Distinguished Member
I would suggest you need to update some of your kit, as from the sound of it, you are using a very old capture device and an older laptop that might be struggling with the task. Virtually all capture devices require drivers, so see if they are available.

You can of course only capture analogue sources and I'm assuming you are using an older TV, as nothing currently on the market will have a scart output these days.

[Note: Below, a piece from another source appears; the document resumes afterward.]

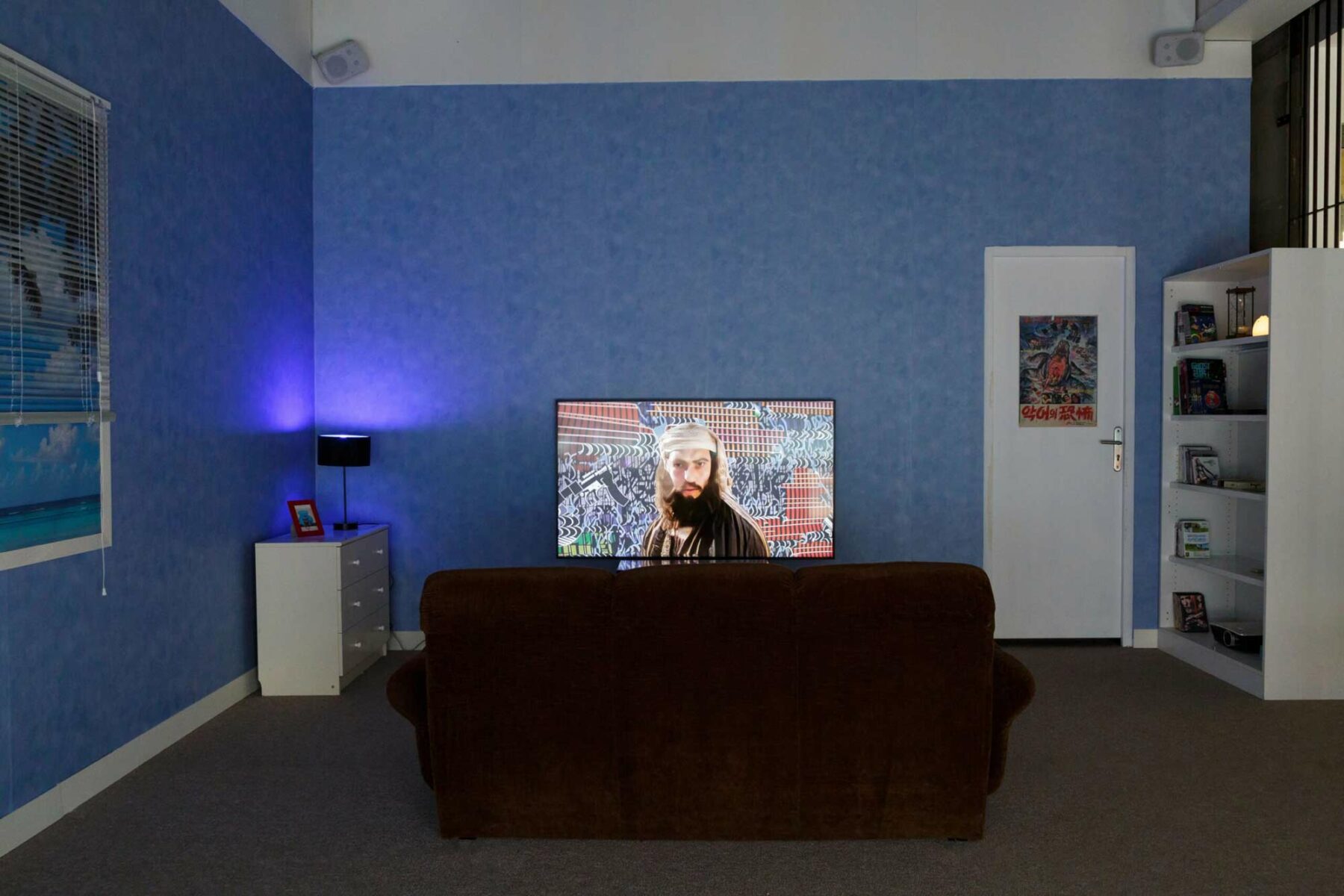 L’Intelligence Artificielle, c’est justement la dernière plateforme d’exploration de l’artiste, une révolution technologique et artistique qui offre autant de nouvelles possibilités qu’elle soulève de problématiques inédites. Bien loin des images lisses et ultra-réalistes que l’on commence tout juste à découvrir ces derniers mois, dans son court métrage Madotsuki_the_dreamer, présentée sous forme d’installation, il puise plutôt dans ce que l’outil peut créer d’inachevé, de grossier : “ce qui m’intéresse avec l’IA c’est de travailler l’informe, l’inconsistant et le polymorphique […] d’arrêter la représentation avant que l’image soit tout à fait formée”. L’outil se révèle idéal pour explorer la multiplicité et l’ambiguïté de Joshua Ryne Golberg, un jeune américain ayant trollé des dizaines de communautés d’Internet dans les années 2010. Il offre également l’opportunité d’aborder les notions d’authenticité sur le web, tout en dévoilant en filigrane les biais potentiels et les lacunes inhérentes au traitement médiatique. Quitte à délaisser complètement la caméra ?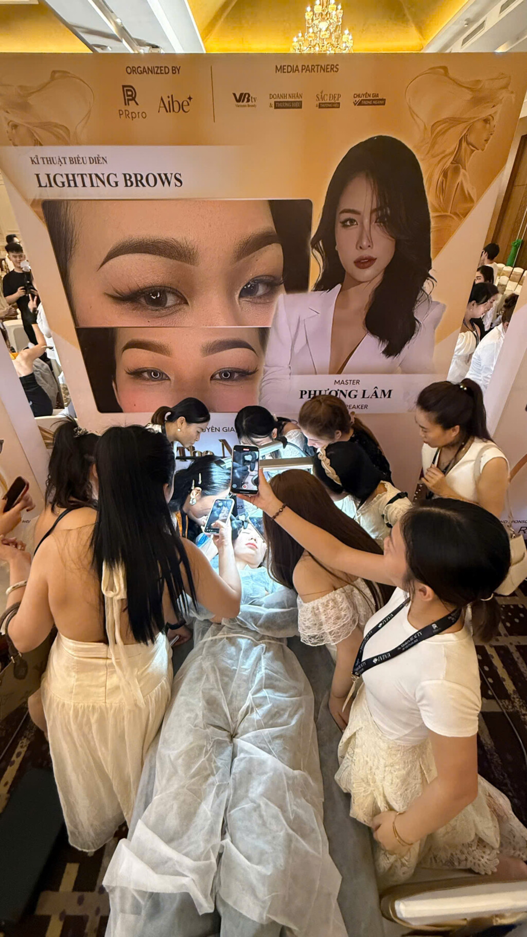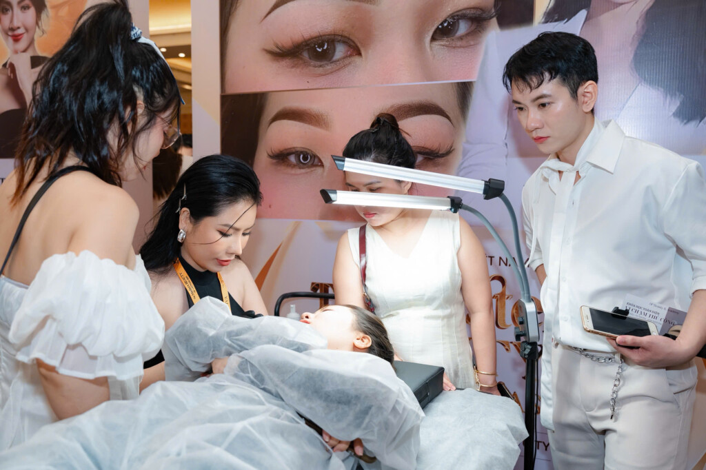 Trình diễn kỹ thuật Lighting Brows, Master Phương Lâm đã chinh phục khán giả bằng đôi tay điêu luyện và khả năng kiểm soát từng hạt mực một cách hoàn hảo. Lighting Brows là kỹ thuật đòi hỏi sự khéo léo trong việc điều chỉnh ánh sáng và màu sắc trên từng sợi chân mày, tạo hiệu ứng chuyển màu tinh tế từ nhạt đến đậm, mang đến cặp mày trong suốt, tự nhiên nhưng vẫn đầy chiều sâu. Không chỉ là một kỹ thuật đơn thuần, Lighting Brows còn được xem là sự kết hợp hài hòa giữa khoa học về màu sắc và nghệ thuật tạo hình, giúp nâng tầm diện mạo khách hàng. Các chuyên gia trong nước và quốc tế tham dự sự kiện đều đánh giá cao phần trình diễn này, bởi Lighting Brows không chỉ khó ở khâu thực hiện mà còn yêu cầu sự am hiểu sâu về nền da, sắc tố và cách phối hợp ánh sáng – điều mà không phải bất cứ chuyên gia nào cũng có thể làm chủ.

My 7 year old i7 laptop with Windows 10 and a 10 year old Pinnacle card captures video from vhs tapes perfectly. For capturing HD, I have a gaming streaming device and splitter with hdcp defeat. This records to SD cards as MP4, ready to ingest and edit.
 

TechiMan

Standard Member
No, what I mean is to connect a laptop up to either a TV or VHS recorder via a scart to composite connection. I have been able to connect my laptop up to a large screen TV using a scart to composite connection which then connected to the USB capture device that connected to one of the USB ports of my laptop. It's been a while since I was able to do this, but I was able to pick up the signal from the TV channels through my laptop and view and capture the video. I decided to try this again (though this was on a different TV than previously) but nothing happened when I opened up a variety of difference video capturing programmes; VLC wouldn't do anything (and it usually does, albeit the video res is very poor through VLC), Debut video capture threw up a "capture device not recognised" message. If I had connected it via HDMI I wouldn't been able to get a signal as HDMI is an output only I think.

As you say it could be a driver issue.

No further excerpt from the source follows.